Repeat exactly, and only, the lines of the entries below from the one with "Publicado en FOTOGRAFIASFOTOS" through the one with "12月5日,我们在文宣频道内", both ends included.
*** TASK INPUTS Section Begins ***
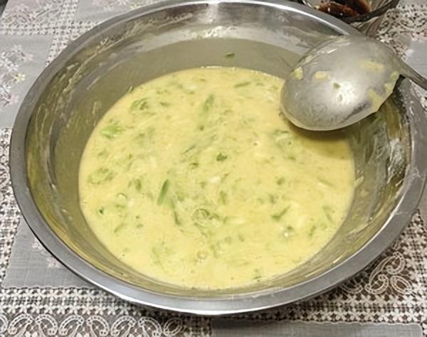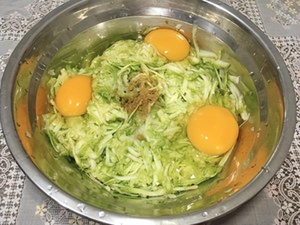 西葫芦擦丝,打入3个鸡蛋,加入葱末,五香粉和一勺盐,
*** TASK INPUTS Section Ends ***
*** TASK INPUTS Section Begins ***
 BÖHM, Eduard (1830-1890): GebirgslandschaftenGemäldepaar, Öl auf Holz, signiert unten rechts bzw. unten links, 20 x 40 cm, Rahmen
*** TASK INPUTS Section Ends ***
*** TASK INPUTS Section Begins ***
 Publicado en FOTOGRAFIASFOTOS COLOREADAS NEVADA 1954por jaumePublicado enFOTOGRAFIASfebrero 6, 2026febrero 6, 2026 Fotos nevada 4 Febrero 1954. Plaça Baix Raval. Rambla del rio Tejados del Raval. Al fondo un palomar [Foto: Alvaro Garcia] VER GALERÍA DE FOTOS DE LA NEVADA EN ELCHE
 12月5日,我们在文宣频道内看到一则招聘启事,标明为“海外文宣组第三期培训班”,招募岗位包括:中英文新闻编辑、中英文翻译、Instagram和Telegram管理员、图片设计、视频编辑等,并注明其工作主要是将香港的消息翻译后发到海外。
*** TASK INPUTS Section Ends ***
COMPLETED EXERCISE
 Publicado en FOTOGRAFIASFOTOS COLOREADAS NEVADA 1954por jaumePublicado enFOTOGRAFIASfebrero 6, 2026febrero 6, 2026 Fotos nevada 4 Febrero 1954. Plaça Baix Raval. Rambla del rio Tejados del Raval. Al fondo un palomar [Foto: Alvaro Garcia] VER GALERÍA DE FOTOS DE LA NEVADA EN ELCHE
 12月5日,我们在文宣频道内看到一则招聘启事,标明为“海外文宣组第三期培训班”,招募岗位包括:中英文新闻编辑、中英文翻译、Instagram和Telegram管理员、图片设计、视频编辑等,并注明其工作主要是将香港的消息翻译后发到海外。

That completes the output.